Pre-requisite: Other Array Rotation techniques, Basics of Array

Let us get started with Juggling algorithm for array rotation.

# Introduction to Array Rotation

Rotating an array is a widely used operation and there exist multiple ways to do so. We have discussed a few earlier. You can check those articles here (Reversal Algorithm Block Swap Algorithm ).

We will be discussing another approach to rotate an array which is called the juggling algorithm.

# Juggling algorithm

Before we discuss the algorithm in depth, let's take a look at a simple approach which will come handy in understanding the algorithm better.

If we need to rotate the array d times, we can do this by calling a function that rotates the array by 1 position. We simply store the first elemnt of the array in a temporary variable and then move all the elements ahead by one position (arr[i-1] = arr[i]). This function will require O(N) time and O(1) auxiliary space. Hence, if we call this function d times, the time complexity will become O(N * d).

Juggling algorithm is an improvement to this technique.

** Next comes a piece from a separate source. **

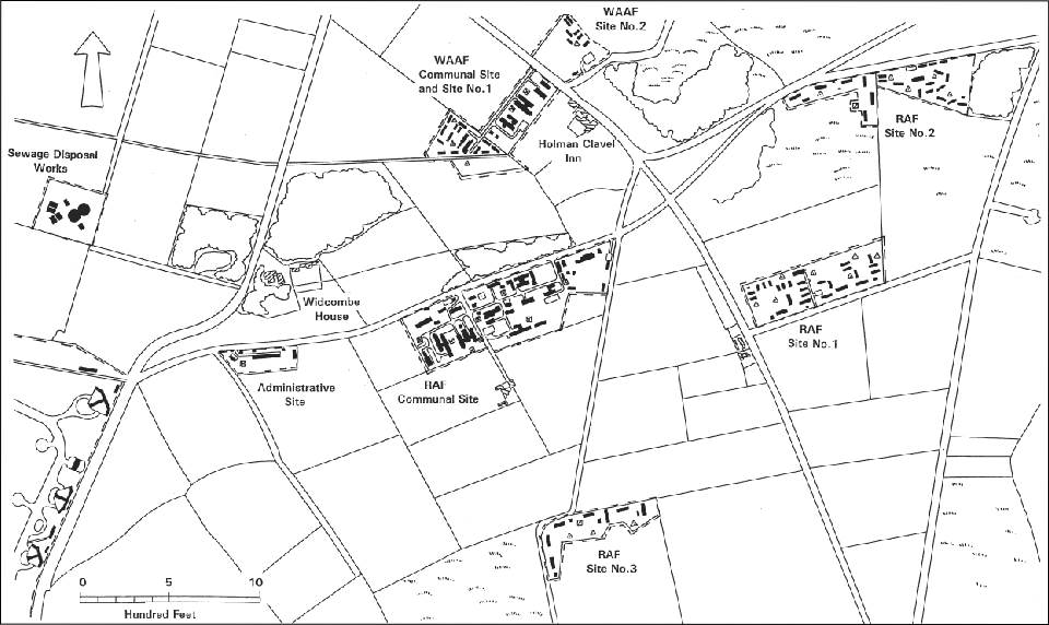 These were provided within six dispersed sites located in the local area to the north-east. All domestic sites were located close to public roads to keep lengthy Air Ministry connecting roads to a minimum. Huts were erected without symmetry or pattern and where possible as an aid to concealment, they were positioned close to hedge lines.  From 1 March 1941, Nissen-type hutting was made available and eventually these were used as an alternative to both temporary brick and Laing hutting.
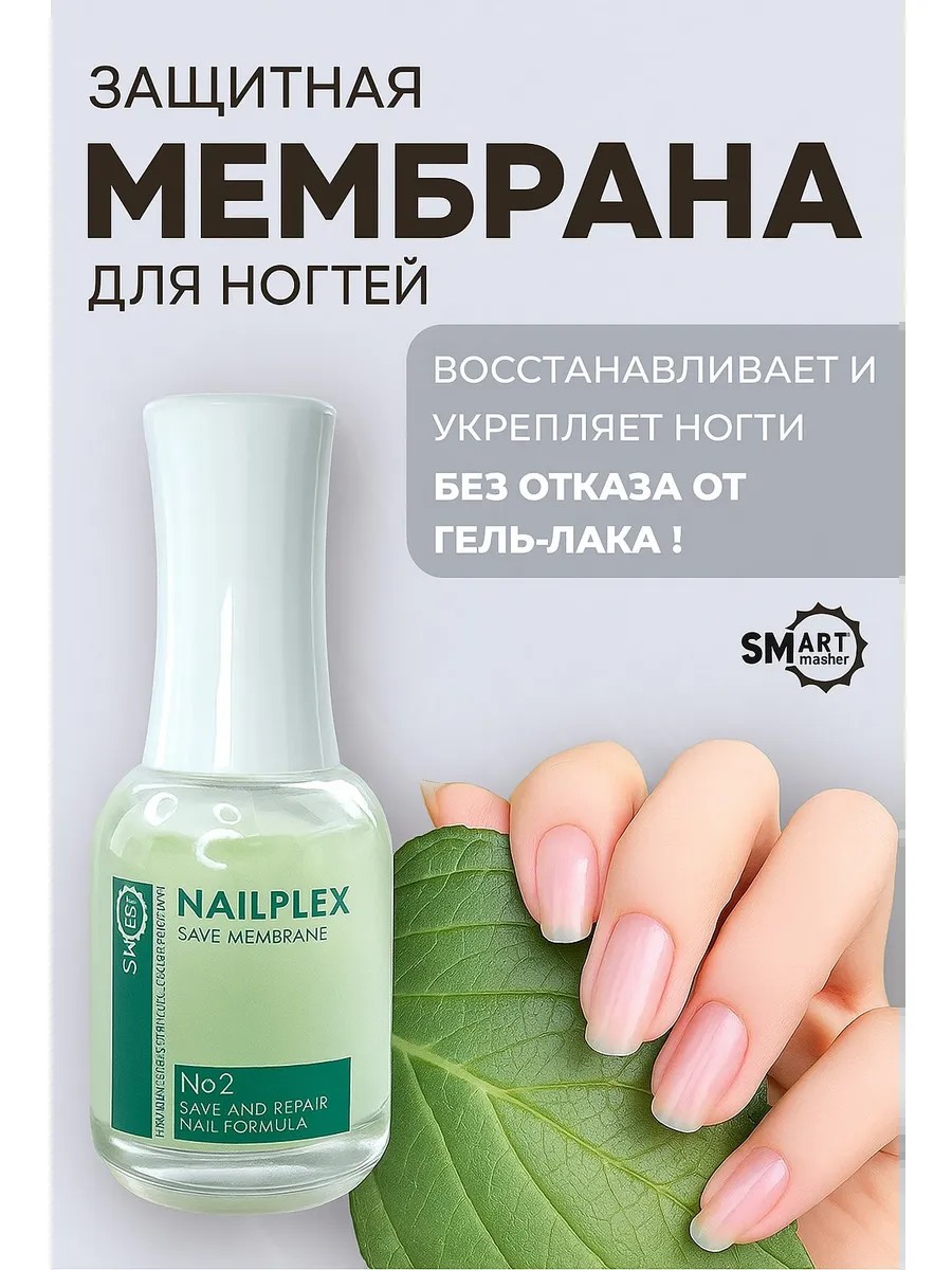 На очищенную ногтевую пластину после полного снятия искусственного покрытия нанести мембрану в 2 слоя. Сушить 1 мин в LED лампе или 5-10 мин на воздухе. Для более сильного эффекта необходимо использовать в комплексе с NAILPLEXN 1.

Steps in Juggling algorithm are:

- We divide the array into GCD(n,d) parts and apply the above mentioned technique.
- The first elements from each set are rotated. This makes the first element of set as the first element of the last set. The 1st element of the 2nd set becomes the first element of the first set and so on.
- Next, the second elements are rotated in a similar fashion.

# Example: Dry Run

Let arr = [1,2,3,4,5,6], n = 6, d = 2

GCD(6,2) = 2

We divide the array into 3 parts (each of size 2) => arr[] = [**1,2**,*3,4*,5,6]

**First Pass:** Swap elements at indices such that

- temp = arr[0]
- arr[0] = arr[2]
- arr[2] = arr[4]
- arr[4] = temp

arr[] = [3,2,5,4,1,6]

**Second Pass:** Swap elements such that

- temp = arr[1]
- arr[1] = arr[3]
- arr[3] = arr[5]
- arr[5] = temp

arr[] = [3,4,5,6,1,2]

# Implementation of Juggling algorithm

Following is the implementation in Java:

```
int gcd(int a, int b)
{
if (b == 0)
return a;
return gcd(b, a % b);
}
void leftRotate(int arr[], int d, int n)
{
d = d % n;
int g = gcd(d, n);
for (int i = 0; i < g; i++)
{
int temp = arr[i];
int j = i;
while (1)
{
int k = j + d;
if (k >= n)
k = k - n;
if (k == i)
break;
arr[j] = arr[k];
j = k;
}
arr[j] = temp;
}
}
```

# Time & Space Complexity of Juggling algorithm

### Time Complexity

The time complexity is O(N) where N is the size of the array. Every element is swapped at most once, hence, the time complexity is upper bound by O(N).

### Space Complexity

This algorithm does not require any auxiliary space, hence, the space complexity is constant, O(1).

With this article at OpenGenus, you must have the complete idea of Juggling algorithm.